As ashamed as it was to admit, I also learned that just wanting something doesn’t automatically make you eligible to have it. It seems absurd and a privilege that this realization occurred at the age of 31. Many of the words used to describe self-help and self improvement reinforce the notion that happiness is something you can control and that it should always be at 100%. It’s important to fix any problems that fall below this level immediately. This thinking encourages people blame themselves for dissatisfaction in a particular area of their lives. This mindset encourages people to see their goals as a prize or accomplishment that will bring them joy and complete them. This is not how life works.
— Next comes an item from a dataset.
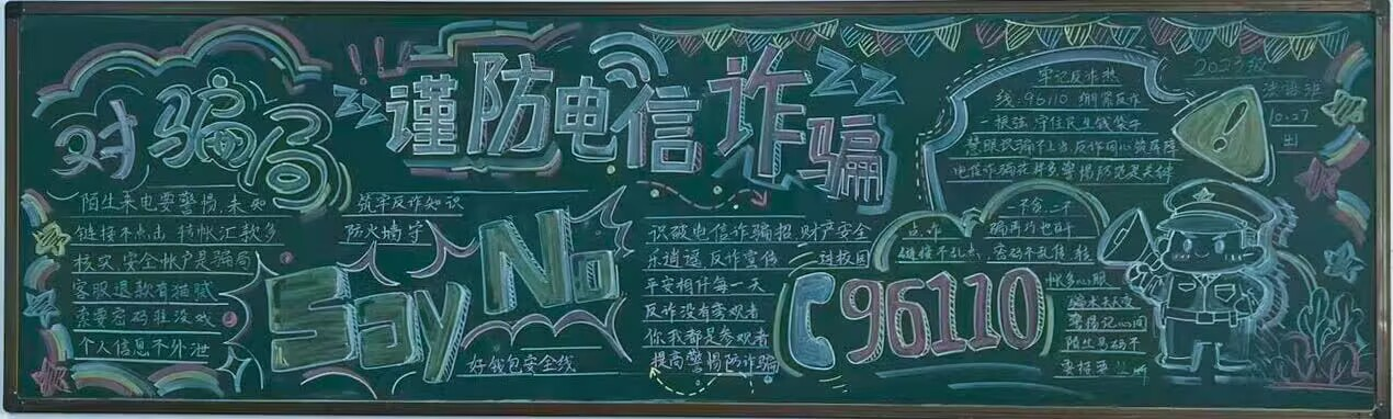 活动紧扣当前校园反诈工作的重点与难点,聚焦学生群体中易发、高发的网络虚假购物、网络刷单、虚假交友、非法网络贷款等典型诈骗场景,引导各班级围绕这些主题进行创作。在筹备过程中,各班级积极响应,充分发挥创意与团队协作精神,将粉笔手绘、案例漫画、警示标语等多种艺术形式与反诈知识要点深度融合。一幅幅版面设计精美、色彩搭配鲜明、内容翔实的黑板报作品,不仅生动再现了真实诈骗案例,深入剖析了诈骗手法,还系统梳理了实用的防范技巧与应对策略,兼具视觉吸引力与教育实用性,有效激发了同学们主动学习、深入了解反诈知识的兴趣。

I understood that my feelings of dissatisfaction were not due to a lack in effort. This didn’t make it easy to be content with my life. I desired a stable career and a loving relationship that would eventually lead to marriage. I was afraid to give up control of my life and wondered what it would mean for me in the future.
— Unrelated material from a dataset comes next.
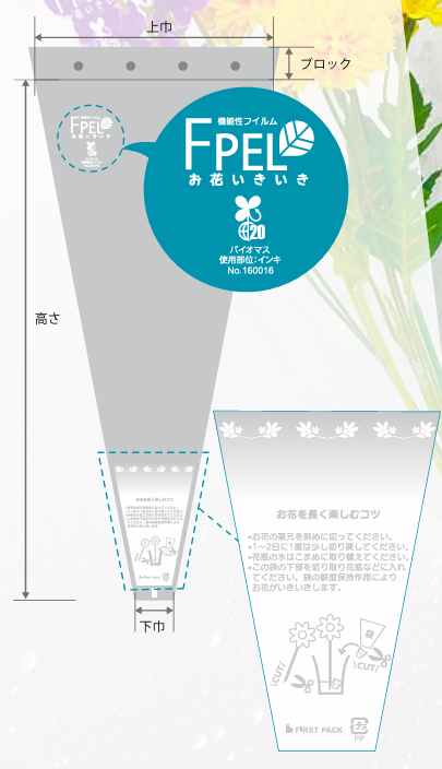 FPELスリーブでお花を包むことによって植物内に含まれる水分にフィルムが直接働きかけ、 細胞内の水分子を活性化させ’’お花をいきいき’’させます。

This shift in perspective allowed me to be more open-minded. When I stopped focusing so hard on finding my next partner, I started going on dates to learn more about other people. I was open to the possibility of a long-term relationship with them. Because I was no longer under pressure to be the best version me at all times, I found it easier to relax with my matches. My dates were more enjoyable. To allow for deeper relationships, I began to see people for several months at a stretch. Now, it’s been over a year since I was married to my current partner. In the years that I was single, it became clear to me that I was expecting a partner who would complete me. This made me search for possible incompatibilities among the people I met and made me hesitant to show my imperfections. I don’t need someone to complete me anymore. I can now want a person with all my flaws, which has led to a more loving relationship and mindset.
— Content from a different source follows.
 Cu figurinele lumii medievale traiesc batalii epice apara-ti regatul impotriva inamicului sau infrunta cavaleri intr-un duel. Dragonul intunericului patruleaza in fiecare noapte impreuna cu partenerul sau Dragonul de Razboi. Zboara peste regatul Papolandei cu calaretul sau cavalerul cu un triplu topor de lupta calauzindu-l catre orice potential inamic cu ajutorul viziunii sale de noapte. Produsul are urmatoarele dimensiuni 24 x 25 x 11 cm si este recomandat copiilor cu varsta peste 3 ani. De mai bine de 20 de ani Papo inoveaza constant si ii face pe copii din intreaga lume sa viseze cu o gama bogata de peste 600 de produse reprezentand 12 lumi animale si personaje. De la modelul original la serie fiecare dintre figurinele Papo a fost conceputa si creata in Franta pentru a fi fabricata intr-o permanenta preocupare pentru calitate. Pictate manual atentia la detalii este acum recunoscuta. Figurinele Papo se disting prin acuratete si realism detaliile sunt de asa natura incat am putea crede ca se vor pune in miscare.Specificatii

After my breakup, I was able to let go of old self-help beliefs and became more realistic about my career. I stopped applying to highly-competitive writing positions. Being honest with myself I realized that I needed a job in a stable industry. I applied for and was offered a job as a writer in academia. Although it was not as glamorous as the other jobs I had been trying to land, I found that I was gaining experience in areas I was passionate about, such website development. I tried to put self-worth before self-entitlement and stopped focusing on landing pitch. I started writing for my own benefit. My first book was written in three hours per night.
Although I continue to write self-help articles and give advice, my approach is quite different. Self-centered and toxic cliches that pervade so much self-help writing, such as the idea that happiness is a constant state and that we can control our outcomes, are a common theme. They lead us to believe we have the right to try anything, which leads to frustration and disappointment.
Here I will be writing about how to love and support yourself through all transitions. I also explore ways to make the present more joyful. It is important to let go of control and open your mind. However, I know this can be difficult. Recognizing that you aren’t 100% satisfied with certain aspects of your life does not mean that you are doing wrong.
Today I am finally being honest with myself and my advice. This makes me more human and makes me humbler. It took me 35 years for me to realize that happiness can be found in pitfalls like a divorce. Every day, I hold my new mantra close to me: I will never stop learning, no matter what stage of life.